▶ [Work order]
Copy task. Retype the whole listing exactly, omitting any picture in it.

══ Data

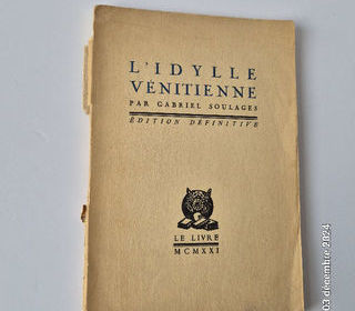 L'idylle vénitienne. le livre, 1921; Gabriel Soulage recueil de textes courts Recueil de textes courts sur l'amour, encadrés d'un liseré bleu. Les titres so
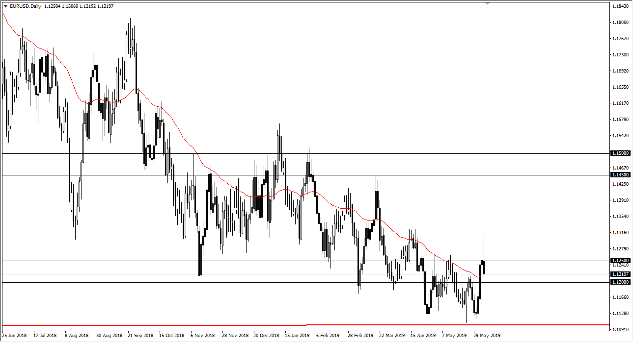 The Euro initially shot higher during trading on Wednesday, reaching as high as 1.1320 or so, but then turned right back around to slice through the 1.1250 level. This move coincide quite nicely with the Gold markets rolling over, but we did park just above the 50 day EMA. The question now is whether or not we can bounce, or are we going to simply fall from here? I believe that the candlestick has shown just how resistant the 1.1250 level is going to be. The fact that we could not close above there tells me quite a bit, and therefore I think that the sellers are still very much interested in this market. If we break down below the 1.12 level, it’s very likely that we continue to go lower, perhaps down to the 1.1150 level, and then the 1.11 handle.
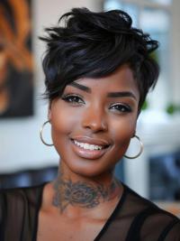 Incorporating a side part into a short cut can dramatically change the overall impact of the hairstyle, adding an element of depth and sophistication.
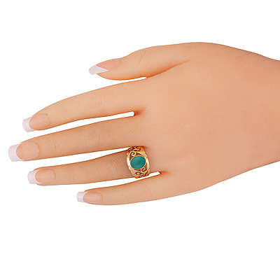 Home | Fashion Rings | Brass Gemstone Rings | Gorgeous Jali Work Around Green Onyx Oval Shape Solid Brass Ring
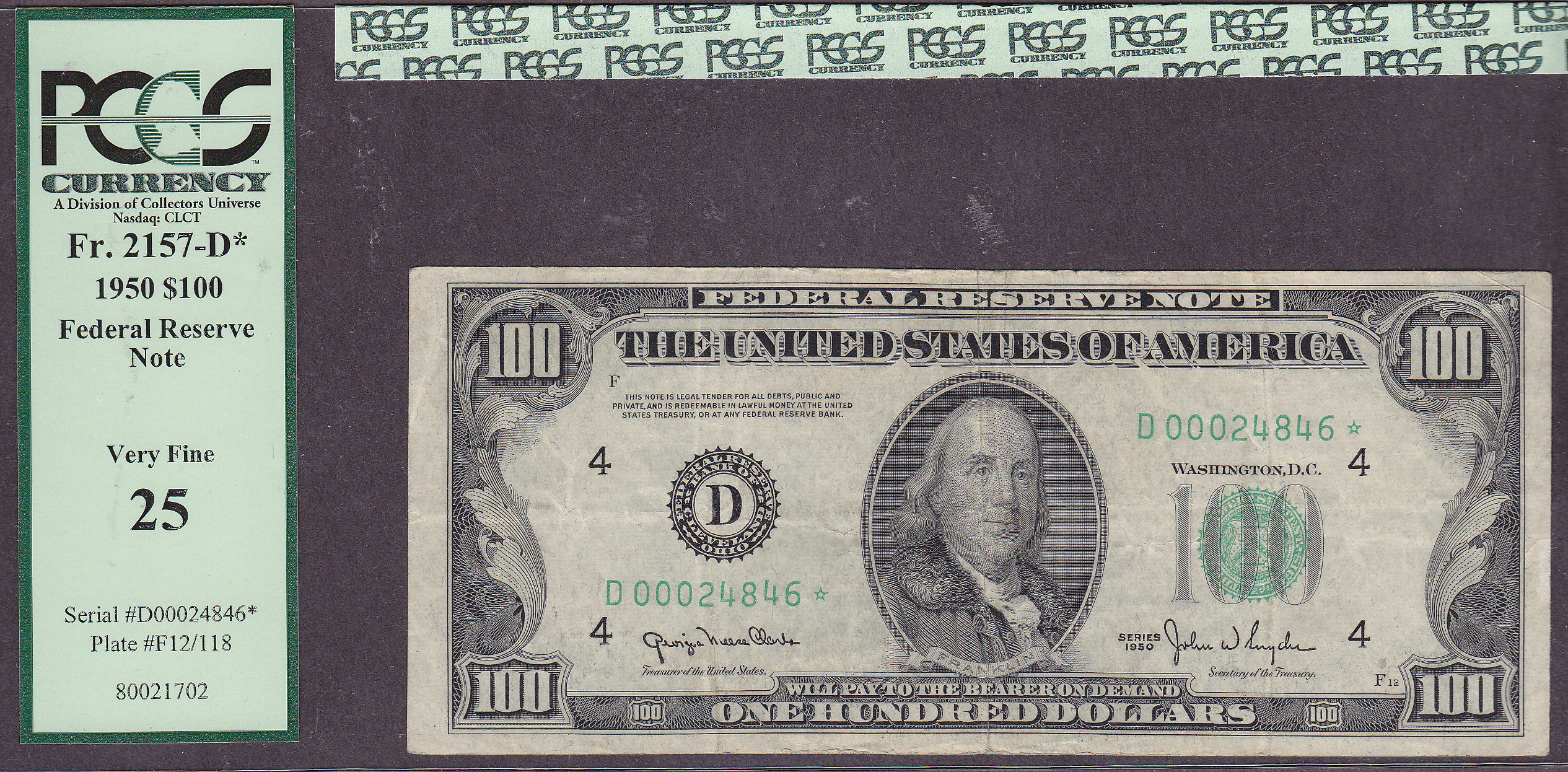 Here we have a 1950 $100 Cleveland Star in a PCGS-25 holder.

════

▶ [Result below]
 L'idylle vénitienne. le livre, 1921; Gabriel Soulage recueil de textes courts Recueil de textes courts sur l'amour, encadrés d'un liseré bleu. Les titres so
 The Euro initially shot higher during trading on Wednesday, reaching as high as 1.1320 or so, but then turned right back around to slice through the 1.1250 level. This move coincide quite nicely with the Gold markets rolling over, but we did park just above the 50 day EMA. The question now is whether or not we can bounce, or are we going to simply fall from here? I believe that the candlestick has shown just how resistant the 1.1250 level is going to be. The fact that we could not close above there tells me quite a bit, and therefore I think that the sellers are still very much interested in this market. If we break down below the 1.12 level, it’s very likely that we continue to go lower, perhaps down to the 1.1150 level, and then the 1.11 handle.
 Incorporating a side part into a short cut can dramatically change the overall impact of the hairstyle, adding an element of depth and sophistication.
 Home | Fashion Rings | Brass Gemstone Rings | Gorgeous Jali Work Around Green Onyx Oval Shape Solid Brass Ring
 Here we have a 1950 $100 Cleveland Star in a PCGS-25 holder.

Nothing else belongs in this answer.